I guess the reason there is that the list which is given to the next stream element is recomputed at every step.

Fibonacci stream (defined in Scaladocs for Stream) went somewhat better, it "simply" runs out of memory:

scala> import scala.math.BigInt
import scala.math.BigInt

scala> val fibs:Stream[BigInt] = BigInt(0) #:: BigInt(1) #:: fibs.zip(
     | fibs.tail).map(n=> {
     | n._1 + n._2})
fibs: Stream[scala.math.BigInt] = Stream(0, ?)

scala> fibs.take(10000)
res0: scala.collection.immutable.Stream[scala.math.BigInt] = Stream(0, ?)

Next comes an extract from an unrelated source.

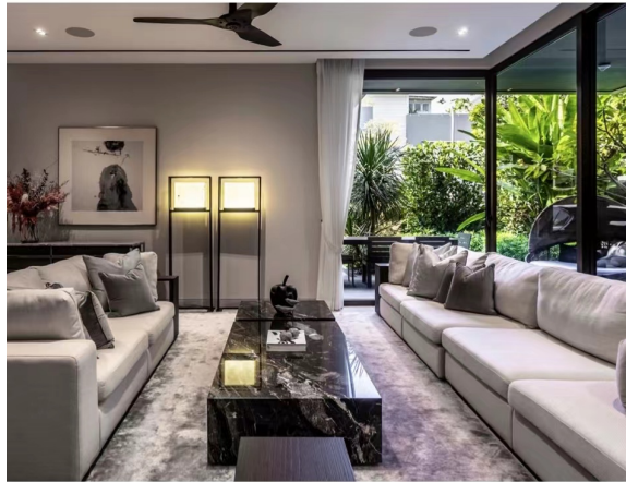
COVER Natural daylight pours into the living room through the large glass windows

See how Edmund Ng Architects designed a chic, monochromatic house with unique spaces perfect for hosting guests and a rooftop vegetable garden that the family carefully tends to

scala> fibs.take(10000).toList
res1: List[scala.math.BigInt] = List(0, 1, 1, 2, 3, 5, 8, 13, 21, 34, 55, 89, 144, 233, 377, 610, 987, 1597, 2584, 4181, 6765, 10946, 17711, 28657, 46368, 75025, 121393, 196418, 317811, 514229, 832040, 1346269, 2178309, 3524578, 5702887, 9227465, 14930352, 24157817, 39088169, 63245986, 102334155, 165580141, 267914296, 433494437, 701408733, 1134903170, 1836311903, 2971215073, 4807526976, 7778742049, 12586269025, 20365011074, 32951280099, 53316291173, 86267571272, 139583862445, 225851433717, 365435296162, 591286729879, 956722026041, 1548008755920, 2504730781961, 4052739537881, 6557470319842, 10610209857723, 17167680177565, 27777890035288, 44945570212853, 72723460248141, 117669030460994, 190392490709135, 308061521170129, 498454011879264, 806515533049393, 1304969544928657, 2111485077978050,...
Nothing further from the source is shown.